Despite denials from Emmer and McCarthy, their reference to the influence of the three well-known Jewish billionaires is an antisemitic dog whistle, experts who study antisemitism said.
“One of the most popular unfortunately antisemitic tropes is the idea that Jews are pulling the strings,” said Rabbi Jill Jacobs, the executive director of T’ruah: The Rabbinic Call for Human Rights.
“People aren’t expected to know everything about antisemitism, but when something gets called out the right response is, ‘Thank you for letting me know. I didn’t know that. I won’t do that again.’ We have not seen that from McCarthy and others. We have just seen deflecting and rejecting,” she added.
And Rep. Elise Stefanik, R-N.Y., the No. 3 House Republican, this year ran a series of Facebook ads through her campaign committee that accused Democrats of supporting citizenship for millions of undocumented immigrants in order to “overthrow our current electorate and create a permanent liberal majority.”
Hate and violence
That phrasing echoes the “great replacement theory,” a far-right idea that is itself rooted in antisemitic tropes.
“When you look at white nationalist online chatter, it’s very much all about this supposed Jewish plot. We saw it in the person who murdered Jews in a synagogue in Pittsburgh,” said Jacobs, referring to the 2018 antisemitic terrorist attack at the Tree of Life synagogue that killed 11 people. “His rationale was that Jews were bringing in refugees to destroy America.”
Antisemitism has been rising among both the far right and the far left, although experts said it is the far right that is statistically more likely to commit violent acts against Jews.
Last year, the Anti-Defamation League, which tracks and condemns antisemitism, documented 2,717 antisemitic incidents in the United States, a 34 percent increase over the prior year and the highest number recorded since the organization began its monitoring work in 1979. That figure included 88 incidents of violent assault, a 167 percent increase from 2020.
In New York City last month, police arrested two young men, one of whom said he ran a white supremacist Twitter group and had been posting threats to imminently shoot up a synagogue. According to news reports, the duo appeared to have recently been gathering weapons and ammunition for the thwarted terrorist attack.
Democrats and progressives are still divided over how to calibrate criticism from their side of the aisle about the Israeli government’s human rights abuses of the Palestinians without crossing the line into antisemitic tropes.
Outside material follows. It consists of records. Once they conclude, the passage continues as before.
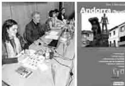
Presentación de la guía turística de Andorra.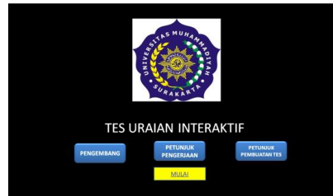
Gambar 1. Homeview merupakan tampilan utama ketika tes pertama kali dijalankan yang terdapat beberapa tombol menu pilihan.

Tampilan produk akhir dapat dilihat pada Gambar 1 hingga Gambar 4.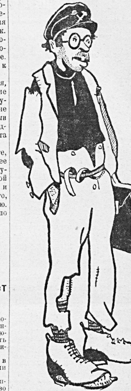
— А я принципиально не согласен.

ДОЛОЙ МОЛОТНИ! Всесоюзный съезд инженеров и техников и открытое общесоюзное партийное собрание Менделеевского Ин-та установили снять формуленную студенческую фуражку.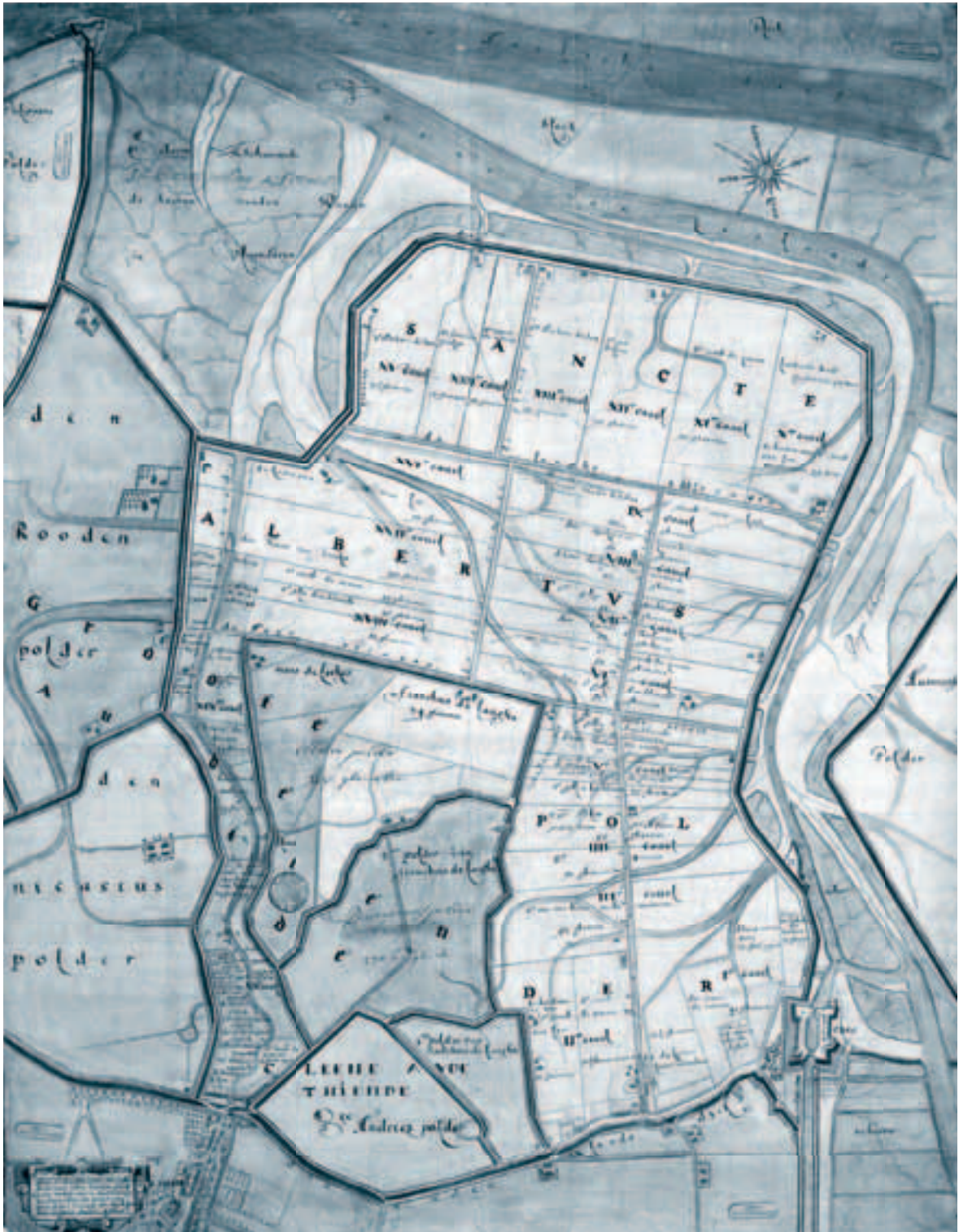
Afb. 1. Kaart van de Albertpolder in 1620, dus van kort na de inpoldering (1612). De kaart werd gemaakt door de Gentse landmeter Lucas Ho(o)re(n)bau(l)t, die bij de aanleg van de polder nauw betrokken is geweest. Hij bezat in de polder diverse landerijen en een boerderij en is er ook nog een aantal jaren dijkgraaf geweest. De limitscheydinghe van 1664 werd dwars door deze polder getrokken en volgde (ten oosten van sas van Gent) de Nieustraete en Geulestraete tot aan de Langhestraete. Vanaf hier liep de grens in westelijke richting tot aan de zeedijk. Van daar liep de grens verder in westelijke richting langs de buitenteen van de dijk. Rijksarchief Gent, kaart nr. 672.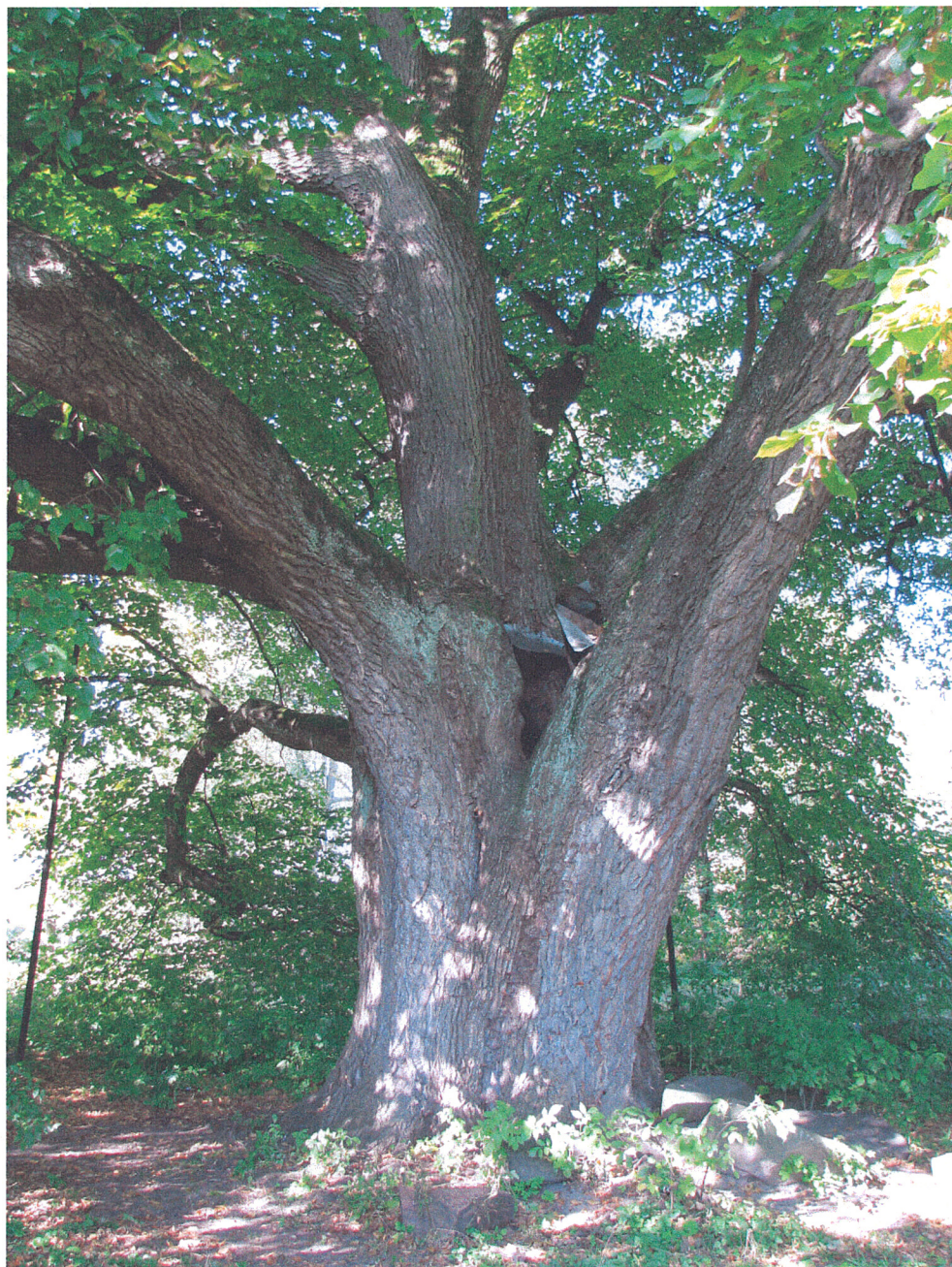
Fot.11. Siemkowice. Pomnikowa lipa szerokolistna (pierśnica 220 cm, a obwód 765 cm) we wschodniej części parku widziana od południa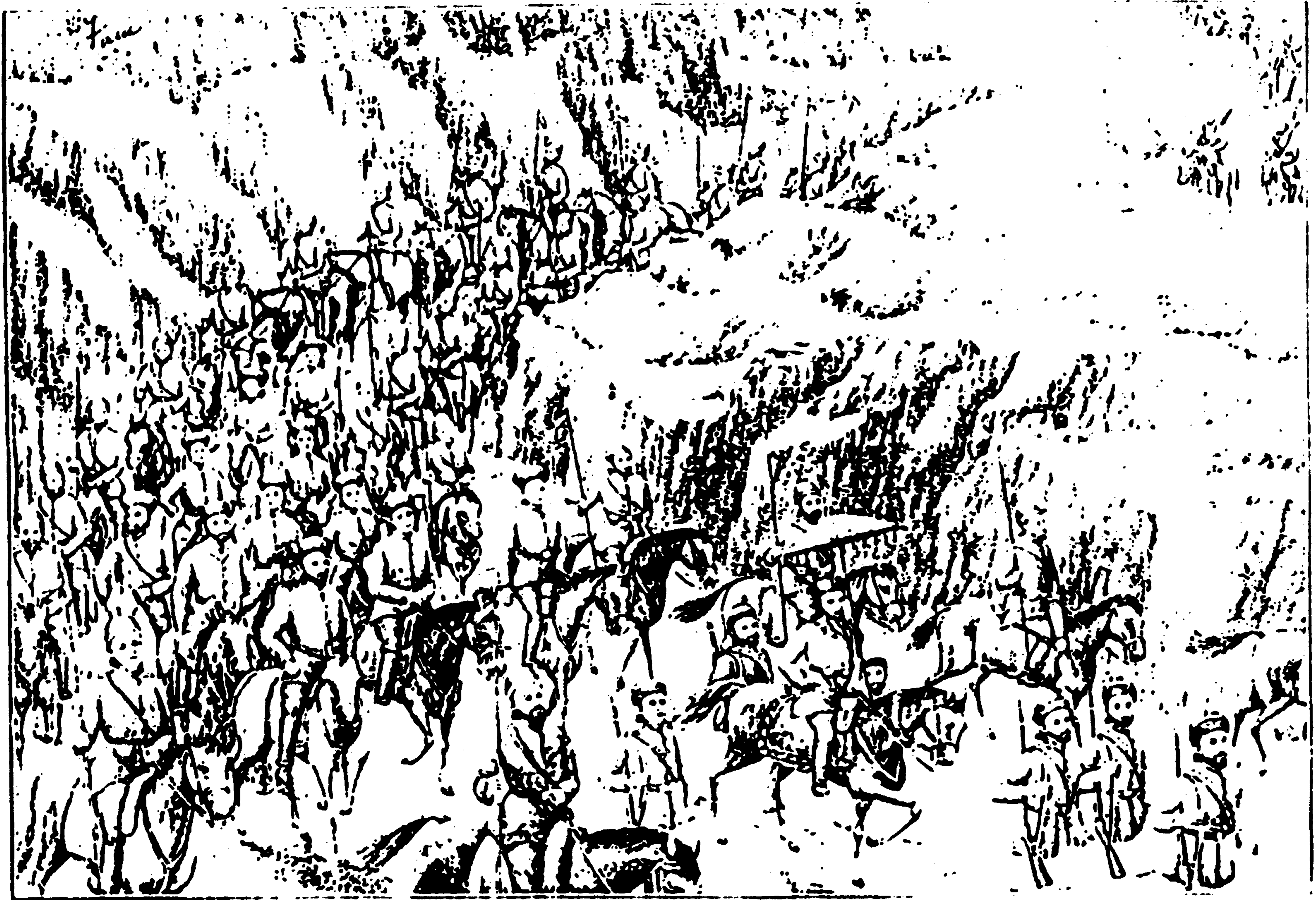
شہزادہ لہ کندهاره کابل ته دتللو په حال کي ( دمولف رسامي )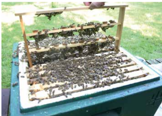
Blick in den Sammelbrutableger: Der Zuchtrahmen ist gut belagert und angenommen worden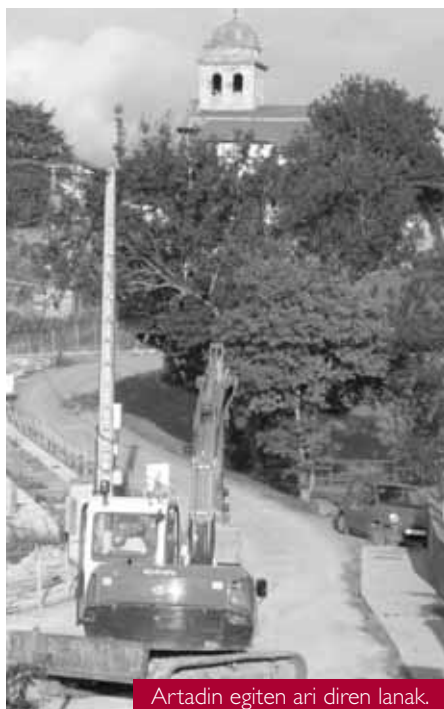
Artadin egiten ari diren lanak.

Aparkalekuen arazoari neurri batean erantzunez, Aita Mari auzoan 40 autorentzako aparkalekua egokituko da. “Ezertarako erabiltzen ez zen orube bat zegoen Aita Mari eta eremu hori egokituko dugu aparkalekuak sortzeko”, diote Udaleko teknikariek. Lehendabizi, zoladura berria jasateko beharrezko egitura ezaugarriak ez zituzten hormak erautsi egin ditu Udalak eta hormigoizko horma berriak eraiki dira horien lekuan. Horrek lur geruza trinkotu eta bere erresistentzia jasatea ahalbidetuko du. Instalazioak berrituko dituzte gero eta inguruko espaloiak eraberritu egingo dituzte. Udaleko teknikariek bideratu dute exekuzio honen obra zuzenda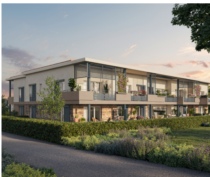
FLEUR DU NIL - Draguignan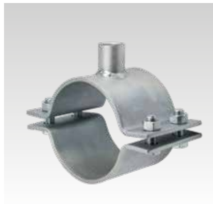
Objímka pro pevný bod 120 x 6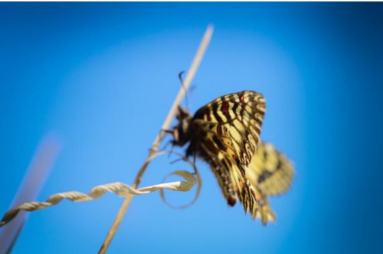
petelinček ( Zerynthia polyxena )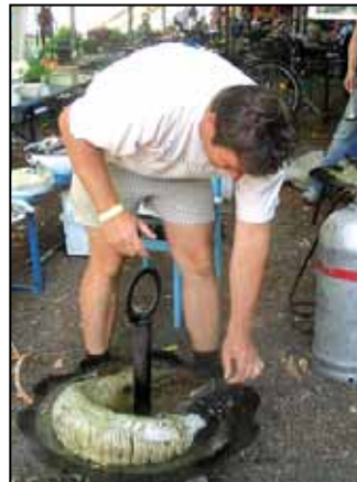
Készül a műemrek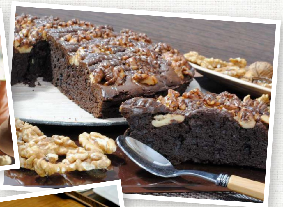
6533 Tarta brownie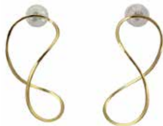
GD-3056 K18 W14mm × H29mm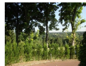
Vue sur le golf de St-Nom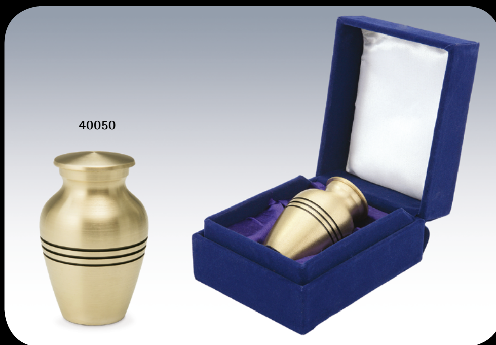
Micro-Urne aus Messing mit blauer Samtdose, Volumen ca. 0,01 ltr.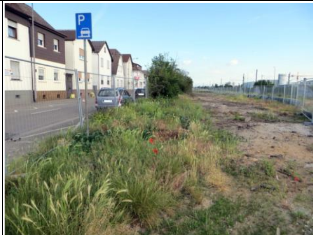
Abb. 3 b: Heckenstreifen Eugen-Schreiber-Straße 2015.

Funktion: Deckungsraum und Nahrungshabitat. Brutplatz von Mönchsgrasmücke, Singdrossel, Grünfink, Amsel, Zilpzalp, Klappergrasmücke, Stieglitz.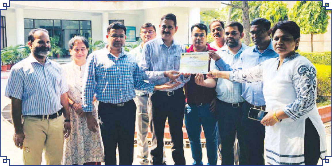
मोरारजी देसाई राष्ट्रीय योग संस्थान ने स्वच्छता रैंकिंग में प्रतिभागिता की और अप्रैल – जून, 2019 तिमाही में नई दिल्ली नगरपालिका परिषद (एनडीएमसी) में अवस्थित कार्यालयों में प्रथम स्थान पर रहा

Morarji Desai National Institute of Yoga participates at Swachhta ranking and stood FIRST position among Offices in New Delhi Municipal Council (NDMC) area for the Quarter April-June, 2019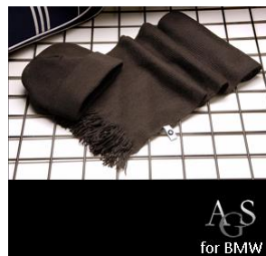
BMW München, Deutschland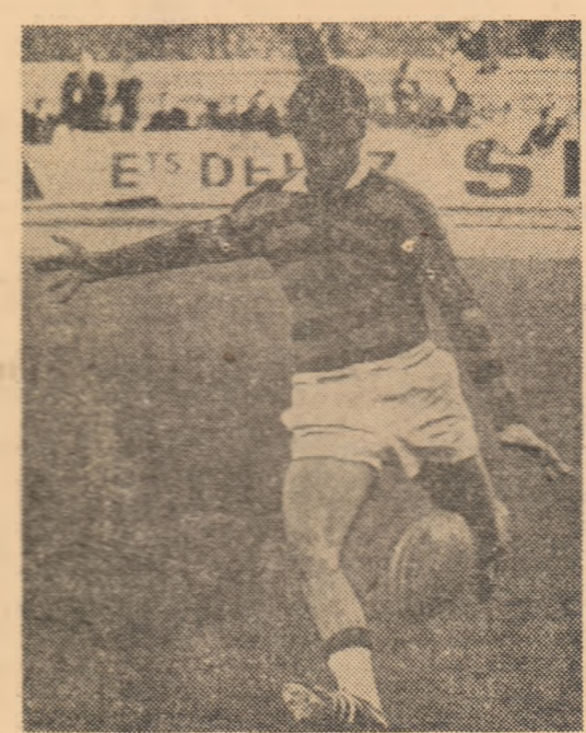
CAMPAES — o aripă în a cărei reintrare în echipa Franței se pun mari speranțe.

Acastă formație, destul de puternică, pare a fi bine primită de opinia publică, cași de critica spor-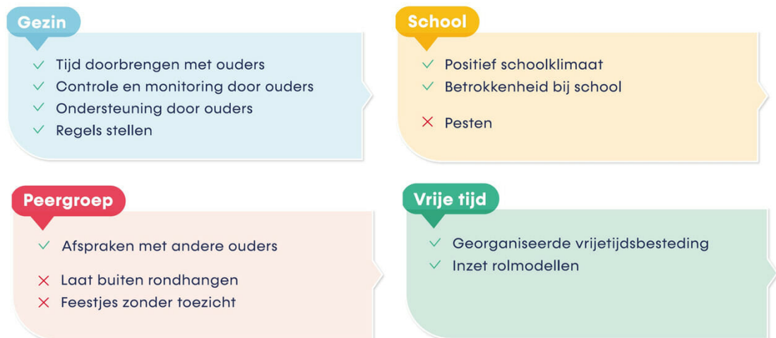
Figuur 2: Beschermende en risicofactoren in de vier omgevingen

Opgroeien in een Kansrijke Omgeving (OKO) is een Nederlandse aanpak, gebaseerd op het IJslandse preventiemodel. Met de OKO-aanpak werkt iedereen in een gemeente (lokaal) aan het vormen van een positieve leefomgeving voor jongeren. OKO richt zich op jongeren van 12 tot 18 jaar. In Figuur 2 staan de vier omgevingen met de wetenschappelijk onderbouwde beschermende en risicofactoren.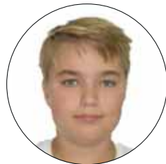
Фас до начала лечения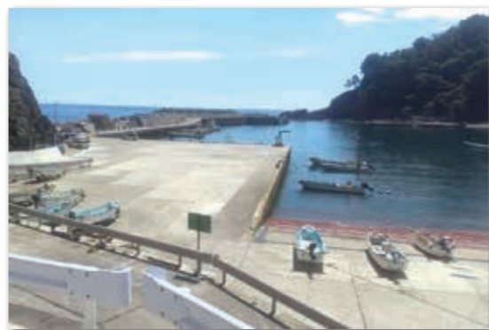
共同利用施設の平井賀漁港

皆さんは「ポツンと一軒家」というテレビ番組をご存じですか。この番組は集落から離れた場所で生活する人を紹介し、そのほとんどが農林畜産業従事者です。一方、水産業関係者の紹介は非常に少なく、特に海面養殖漁業従事者は見たことがあり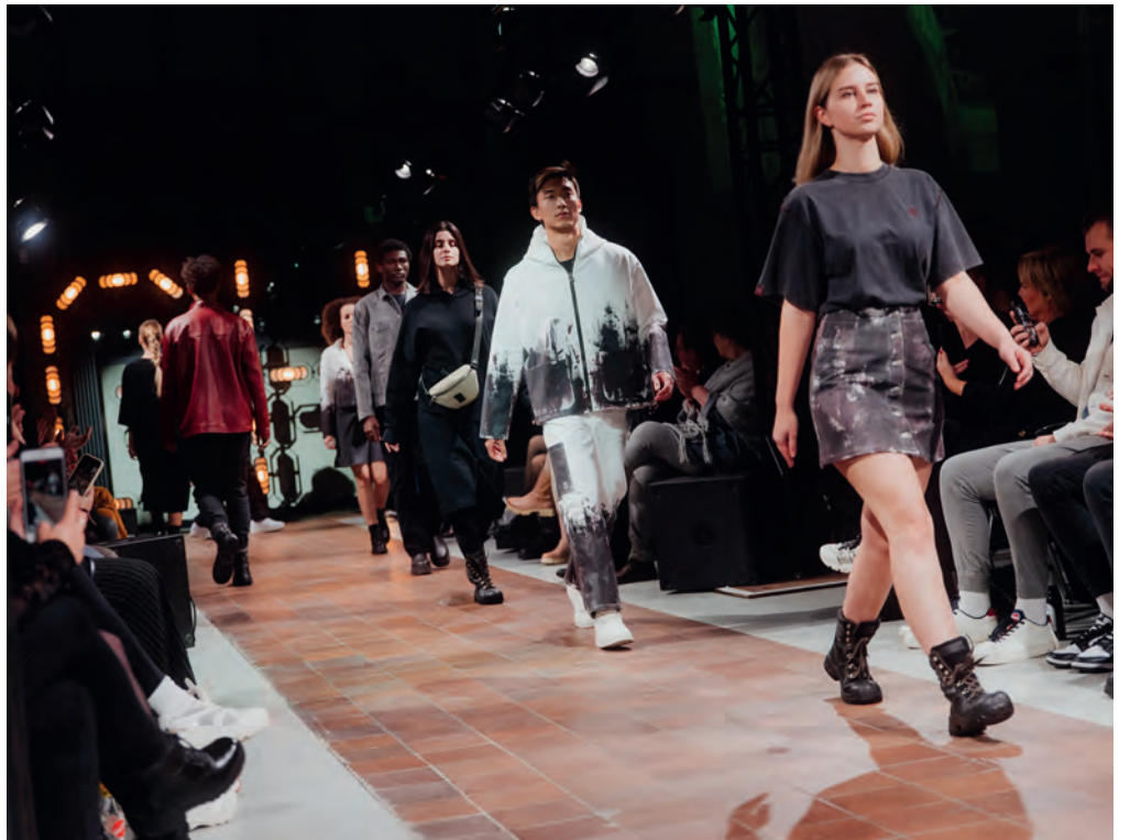
Die Models der Grubenhelden verwandelten die Halle 8 auf Zollverein zum Catwalk und präsentierten den 300 geladenen Gästen die neue Kollektion.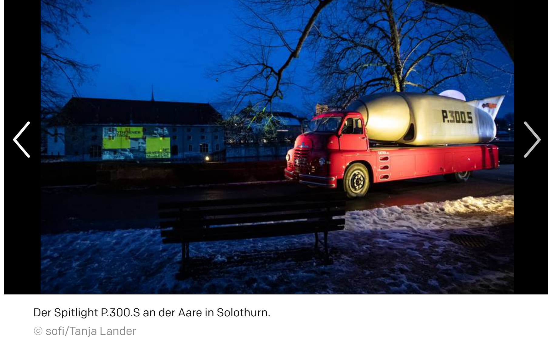
Der Spotlight P.300.S an der Aare in Solothurn.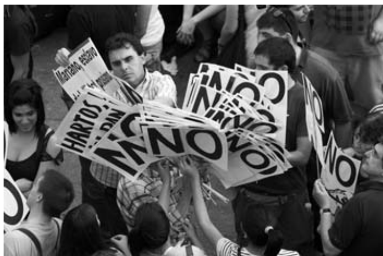
Jóvenes con carteles de crítica a los recortes, en la Puerta del Sol.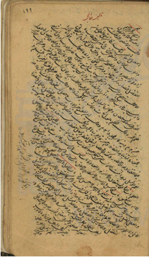
MS Majlis-i Shura-yi Milli 1749/9, f 105r

al-ādāb , dated 1809 and copied by ‘Abdallāh b. Muḥammad al-Ghālībī. Two manuscripts attributed to Tha‘alībī bearing the same title, Qalā’id al-albāb wa-fawā’id al-ādāb , are housed in Mu’assasat al-Imām Zayd b. ‘Alī in Yemen.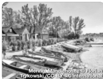
Mering, Mandichosee

“To fight antisemitism, you really need people from across the political spectrum. If you look at the violence against Jews in the last three or four years, it mostly comes from the extreme right. But if you know anything about antisemitism you know that it could someday come from other parts of society,” said Ira Forman, a former special envoy to monitor and combat antisemitism in the Obama administration. “Democrats should be calling out Democrats and liberals and Republicans ought to be calling out conservatives.”